The absolute best way to prevent baby shrimp from being sucked into the filter is to use a filter-max #2 pre-filter. They are connectable so you can increase their surface area and prevent them from clogging up too often. 
http://www.kensfish.com/ati.html
I use 3 of them connected together on my cherry tank. Its a 29g with an xp2 filter. I have to clean them once every couple of months. The up side is the pre-filter is so fine that the polishing pad inside the canister never gets dirty. So basically the canister is for bio/chemical filtration only. I have a flow meter on the filter and I can tell without a doubt that there is no drop in flow. I've tried everything else on the market and this is the ticket.

Almost forgot, they come with 3 multi-fit adapters so they'll fit pretty much any filter, including HOBs. With some minor tinkering you can fit it to anything.
And here is a pic:


----------



## MartialTheory (Dec 20, 2007)

oh man that does look good. but i have a hang on filter that i'm looking if theres a prefilter for that


----------



## NoSvOrAx (Nov 11, 2006)

I use them on my aquaclear hob no problem.


----------



## southerndesert (Oct 14, 2007)

Here are a couple pictures of a CRS baby and it is probibly about 2 weeks old...Yup they are small...










A closer look...










The plant is Java Moss so as you can see it is a tiny little fellow...

Bill


----------



## MartialTheory (Dec 20, 2007)

wow thats tiny! man thats beautiful.

i'm just ordered some from planetinvert and i hope the crs lives up to its grade.

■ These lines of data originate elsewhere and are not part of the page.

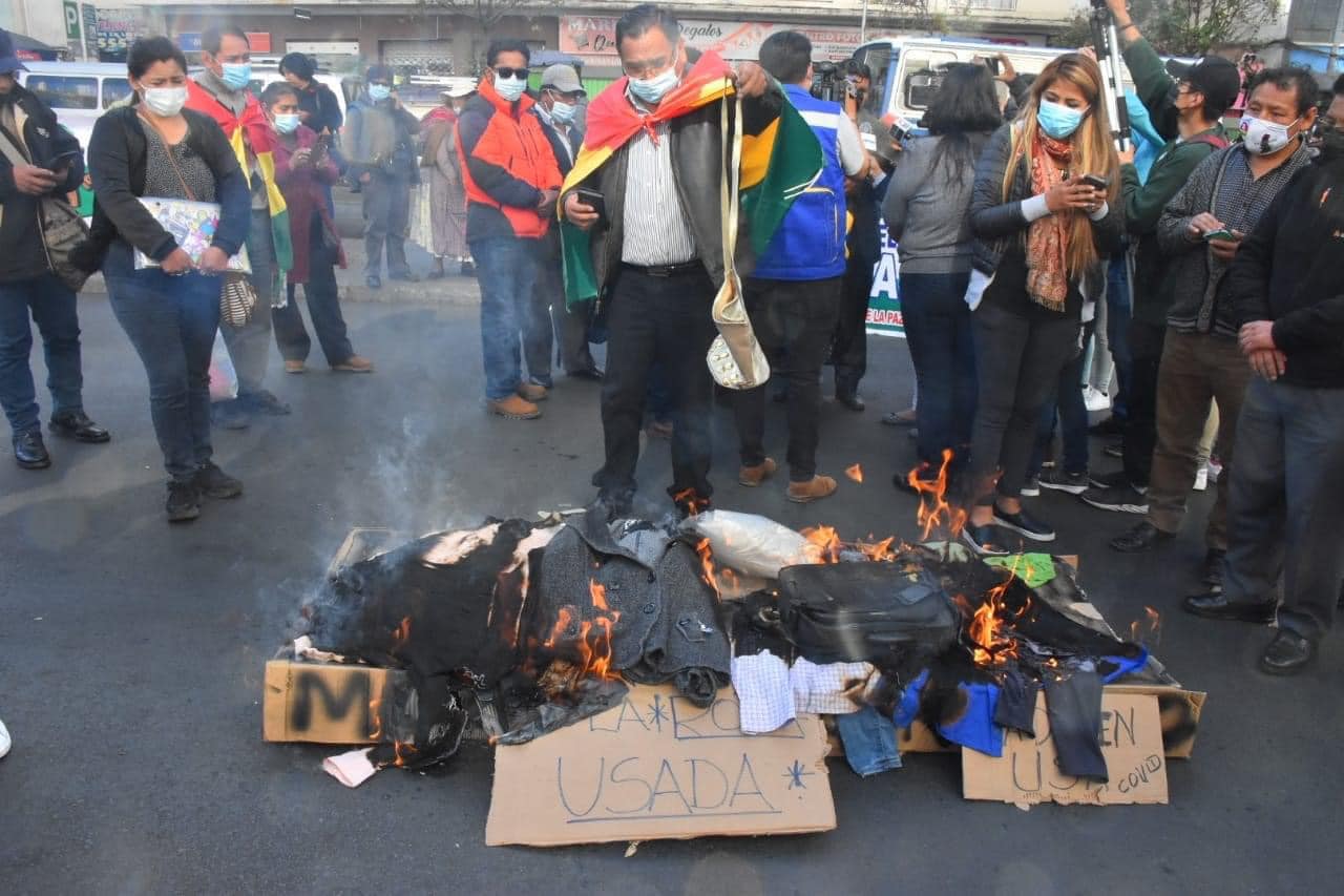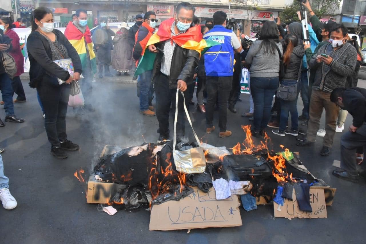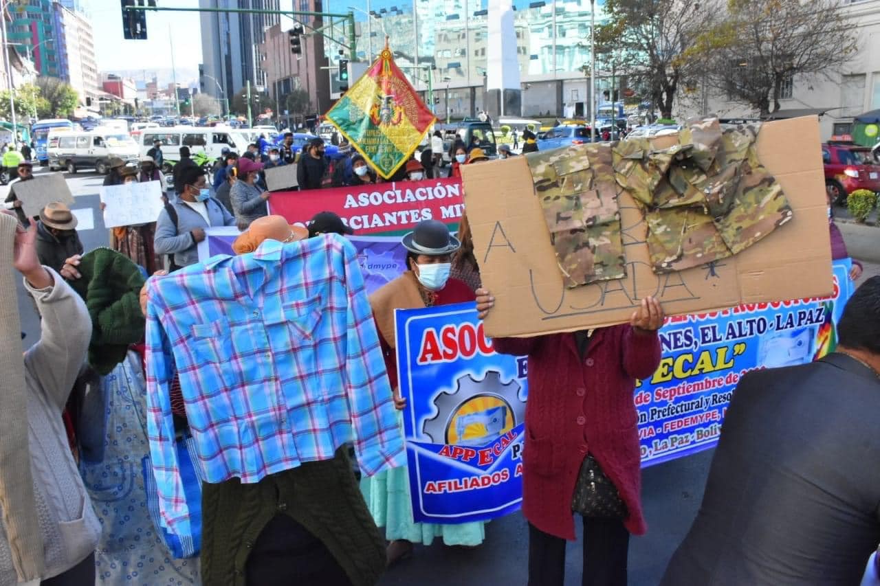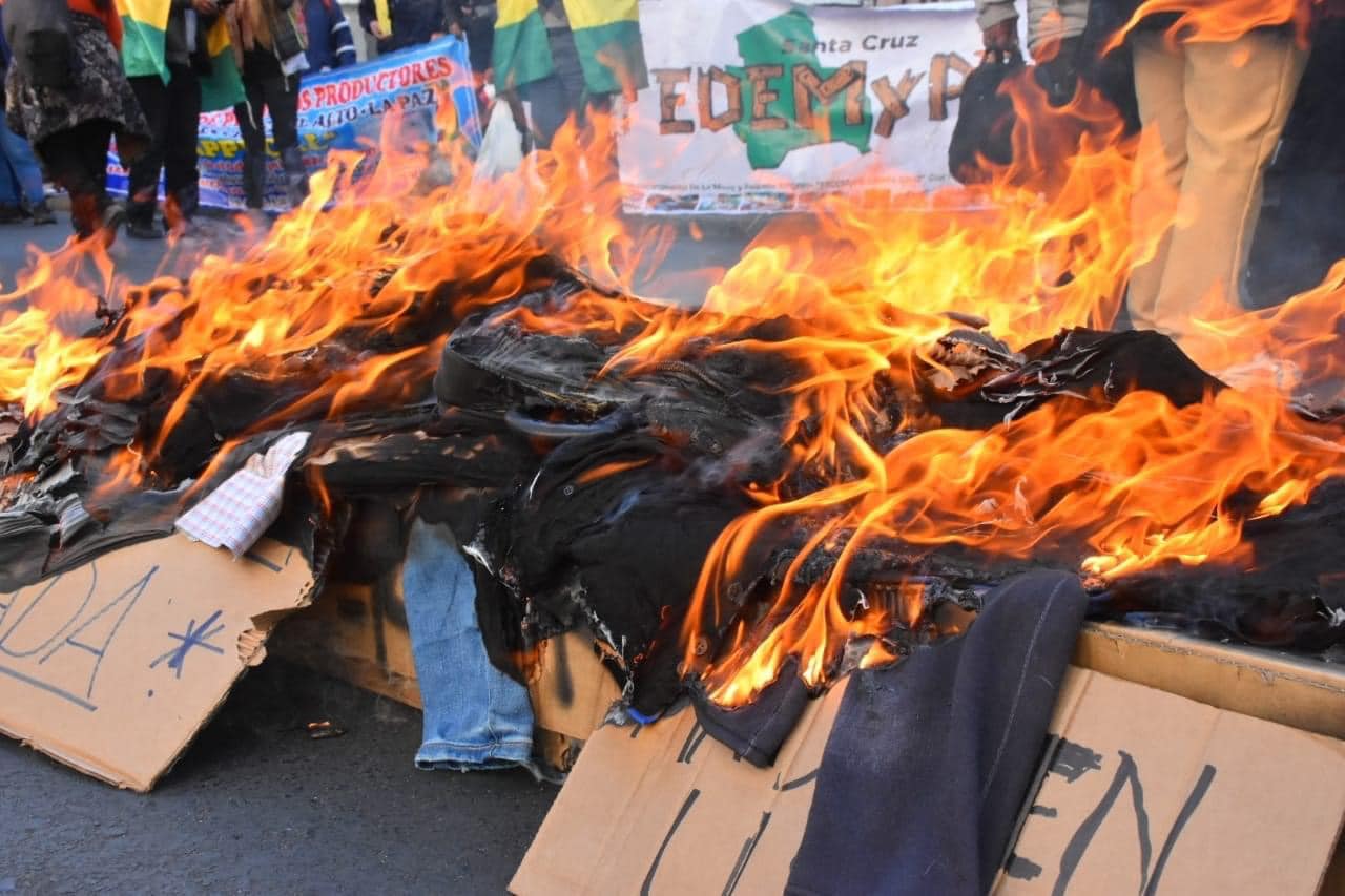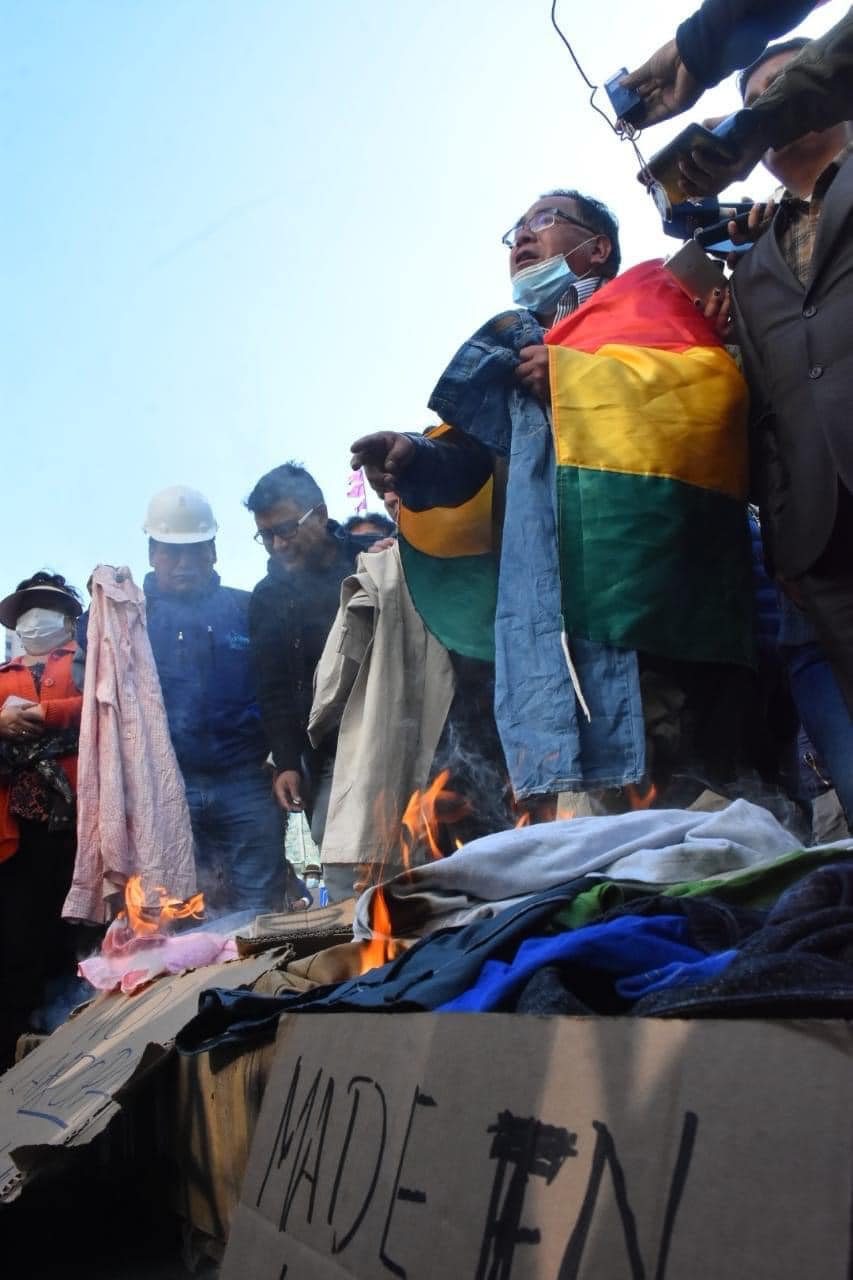 Integrantes de la Asociación de Pequeños Productores en Confecciones El Alto y La Paz quemaron este miércoles fardos de ropa usada, exigen la prohibición de importación de ropa usada y pide al Gobierno tomar acciones y atender sus demandas.
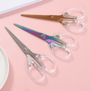 Factory direct supply transparent rose gold gold scissors office household paper-cutting knife student stationery scissors
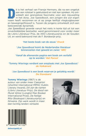 Joe Speedboot is een roman over liefde en rivaliteit, over een verlosser zonder belofte en een heroïsche odyssee. Het toont het lot van nieuwkomers in een Nederlands dorp, waar de last van het onverwerkte verleden op de inwoners drukt. De tragikomische maalstroom van gebeurtenissen geeft het ingeslapen dorp een onverwachte dynamiek waar het niet meer van zal herstellen. Tommy Wieringa schreef met Joe Speedboot een gedreven, aanstekelijke ontwikkelingsroman, met een hoofdrol voor de mateloze verbeeldingskracht van één man. Fransje Hermans, de verteller van het verhaal, is na een ongeluk invalide geraakt en heeft voorgoed zijn spraakvermogen verloren. Hij is de zelfbenoemde chroniqueur van het dorp Lomark. Zijn fascinatie voor de nieuweling Joe Speedboot is grenzeloos: Joe Speedboot, de jongen die zijn eigen naam gekozen heeft en op zijn vijftiende al bommenlegger, vliegtuigbouwer en bewegingsfilosoof is. Nauwgezet observeert Fransje hoe nog een nieuwkomer de natuurlijke orde van het dorp komt verstoren: Joe's stiefvader Papa Afrika, een zachtaardige Nubiër met gazellenogen die een kleine scheepswerf begint op de oever van de Rijn. Dan verschijnt de geheimzinnige Picolien Jane, een beeldschone Zuid-Afrikaanse, aan wie Fransje zijn kronieken opdraagt en voor wie levenslange vriendschappen op het spel worden gezet. In haar komen alle verhalen samen, met noodlottige gevolgen. Op originele wijze en met speels vernuft, toont Tommy Wieringa de loop van een geschiedenis, waarin niemand aan zijn bestemming ontkomt.

well right now i'm using a penguin 150 bio wheel hang on filter. im trying to see if i can find a sponge to cover the intake for that. 

man i wish i could make a shrimp tank where i can keep more than 2 species of shrimp together without interbreeding.


----------



## southerndesert (Oct 14, 2007)

For your intake tube you may want to check this sponge pre-filter out. Your LFS should carry them in the reptile dept. for around 3 bucks...I use them on all my HOB filters that are in shrimp tanks.

There are shrimp you can keep together without fear of cross breeding, try doing a search for more info on the subject as the question has been asked many times. I tried a couple "combo" tanks early on and quickly decided to have species only tanks as my addiction to shrimp grew.....

7 tanks now and fixing to begin cycling another.... Family thinks I have lost my marbles  

Bill


----------



## MartialTheory (Dec 20, 2007)

ok cool. thanks for the info.

yeah my shrimp fever is growing and I checked but it seems that the most u can keep is just 2 different species in one tank. so i chose RCS and CRS.

nice blue ramshorn, i just got a white mutation hopefully it stays. 

and god dam! 7 tanks?!!??! even i think u lost ur marbles. uh oh i just pissed off like half the ppl in this forum. lol


----------



## feiyang (Jan 27, 2007)

new crs baby is around 1.5mm large.


----------